* _Data section_:

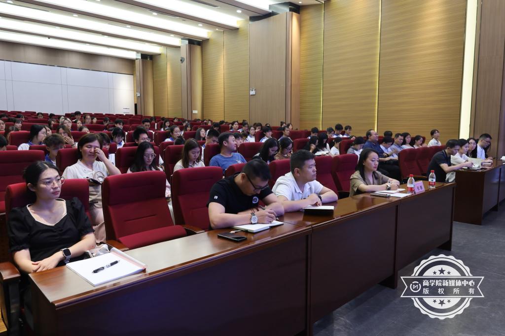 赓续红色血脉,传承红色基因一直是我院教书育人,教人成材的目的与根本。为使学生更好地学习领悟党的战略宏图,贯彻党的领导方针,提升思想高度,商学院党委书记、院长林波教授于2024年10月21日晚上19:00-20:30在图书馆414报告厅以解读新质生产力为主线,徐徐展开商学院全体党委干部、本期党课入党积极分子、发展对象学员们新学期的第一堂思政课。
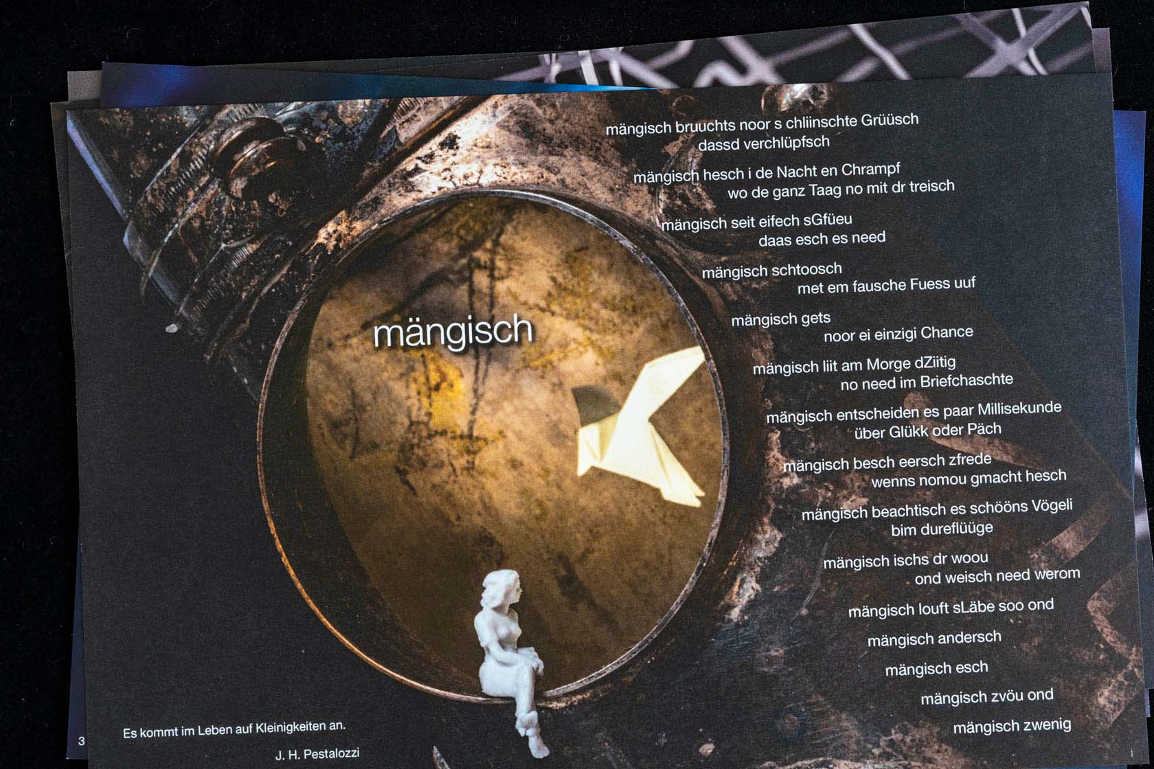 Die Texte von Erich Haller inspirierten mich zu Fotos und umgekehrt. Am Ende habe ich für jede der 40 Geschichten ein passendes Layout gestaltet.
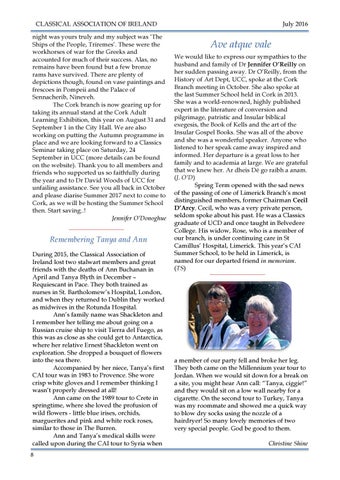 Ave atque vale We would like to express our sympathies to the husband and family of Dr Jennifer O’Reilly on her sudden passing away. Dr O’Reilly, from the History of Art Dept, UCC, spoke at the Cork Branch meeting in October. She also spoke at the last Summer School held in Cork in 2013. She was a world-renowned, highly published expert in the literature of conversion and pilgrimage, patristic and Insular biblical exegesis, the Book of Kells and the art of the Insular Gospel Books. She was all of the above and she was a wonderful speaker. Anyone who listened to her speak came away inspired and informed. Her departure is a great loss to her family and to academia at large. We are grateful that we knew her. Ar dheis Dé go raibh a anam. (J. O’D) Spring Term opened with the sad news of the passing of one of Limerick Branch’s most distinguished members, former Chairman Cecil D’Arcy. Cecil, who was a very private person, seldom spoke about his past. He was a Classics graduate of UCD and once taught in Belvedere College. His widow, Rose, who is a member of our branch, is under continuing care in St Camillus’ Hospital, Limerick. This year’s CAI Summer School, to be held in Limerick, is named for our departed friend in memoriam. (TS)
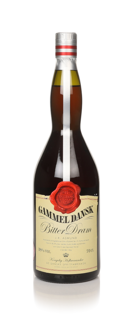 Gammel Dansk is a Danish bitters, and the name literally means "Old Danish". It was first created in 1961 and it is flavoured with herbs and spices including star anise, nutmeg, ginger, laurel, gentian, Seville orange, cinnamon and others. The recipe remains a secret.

* _Work task_: Restating the data word for word is the task, and pictures are to be omitted.

* _Task result_:
 赓续红色血脉,传承红色基因一直是我院教书育人,教人成材的目的与根本。为使学生更好地学习领悟党的战略宏图,贯彻党的领导方针,提升思想高度,商学院党委书记、院长林波教授于2024年10月21日晚上19:00-20:30在图书馆414报告厅以解读新质生产力为主线,徐徐展开商学院全体党委干部、本期党课入党积极分子、发展对象学员们新学期的第一堂思政课。
 Die Texte von Erich Haller inspirierten mich zu Fotos und umgekehrt. Am Ende habe ich für jede der 40 Geschichten ein passendes Layout gestaltet.
 Ave atque vale We would like to express our sympathies to the husband and family of Dr Jennifer O’Reilly on her sudden passing away. Dr O’Reilly, from the History of Art Dept, UCC, spoke at the Cork Branch meeting in October. She also spoke at the last Summer School held in Cork in 2013. She was a world-renowned, highly published expert in the literature of conversion and pilgrimage, patristic and Insular biblical exegesis, the Book of Kells and the art of the Insular Gospel Books. She was all of the above and she was a wonderful speaker. Anyone who listened to her speak came away inspired and informed. Her departure is a great loss to her family and to academia at large. We are grateful that we knew her. Ar dheis Dé go raibh a anam. (J. O’D) Spring Term opened with the sad news of the passing of one of Limerick Branch’s most distinguished members, former Chairman Cecil D’Arcy. Cecil, who was a very private person, seldom spoke about his past. He was a Classics graduate of UCD and once taught in Belvedere College. His widow, Rose, who is a member of our branch, is under continuing care in St Camillus’ Hospital, Limerick. This year’s CAI Summer School, to be held in Limerick, is named for our departed friend in memoriam. (TS)
 Gammel Dansk is a Danish bitters, and the name literally means "Old Danish". It was first created in 1961 and it is flavoured with herbs and spices including star anise, nutmeg, ginger, laurel, gentian, Seville orange, cinnamon and others. The recipe remains a secret.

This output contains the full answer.